Key: 4 Values: [18, 10]
Key: 1 Values: [10, 12, 19]
Key: 5 Values: [30]
Key: 2 Values: [15, 20]


In [48]:
rdd_kv.lookup(1)

[10, 12, 19]

https://spark.apache.org/docs/latest/rdd-programming-guide.html#rdd-persistence

`.cache()` is the shorthand notation for `.persist(storageLevel.MEMORY_ONLY)`

In [53]:
rdd1.persist()

ParallelCollectionRDD[0] at readRDDFromFile at PythonRDD.scala:287

In [54]:
rdd1.collect()

[25, 14, 26, 21, 39, 6, 0, 18, 27, 16]

In [56]:
from pyspark import StorageLevel

rdd2.persist(storageLevel = StorageLevel.MEMORY_AND_DISK)

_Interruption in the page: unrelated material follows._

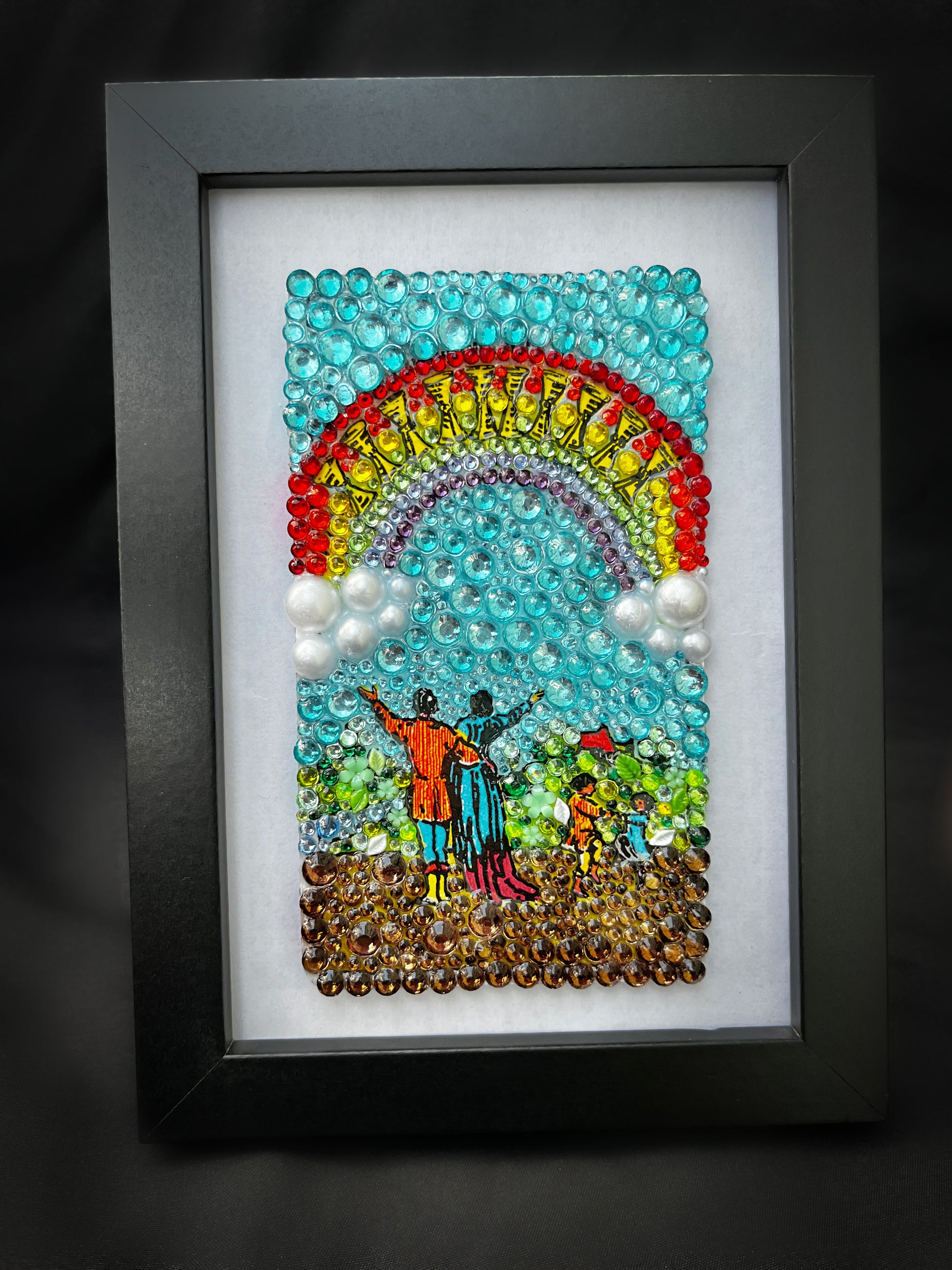 I create unique, custom-made tarot cards adorned with a variety of gems in different shapes, sizes, and colors. Each card is crafted to order and no two cards will be alike. These cards are distinct and one-of-a-kind, radiating the spiritual energy represented by the card itself. Each tarot card includes a Rider-Waite tarot card with hand-placed gems and comes beautifully framed.

ParallelCollectionRDD[1] at readRDDFromFile at PythonRDD.scala:287

In [57]:
rdd2.collect()

[34, 27, 4, 16, 11, 35, 3, 39, 29, 2]

**Note:** In Python, stored objects will always be serialized with the Pickle library, so it does not matter whether you choose a serialized level. The available storage levels in Python include MEMORY_ONLY, MEMORY_ONLY_2, MEMORY_AND_DISK, MEMORY_AND_DISK_2, DISK_ONLY, DISK_ONLY_2, and DISK_ONLY_3.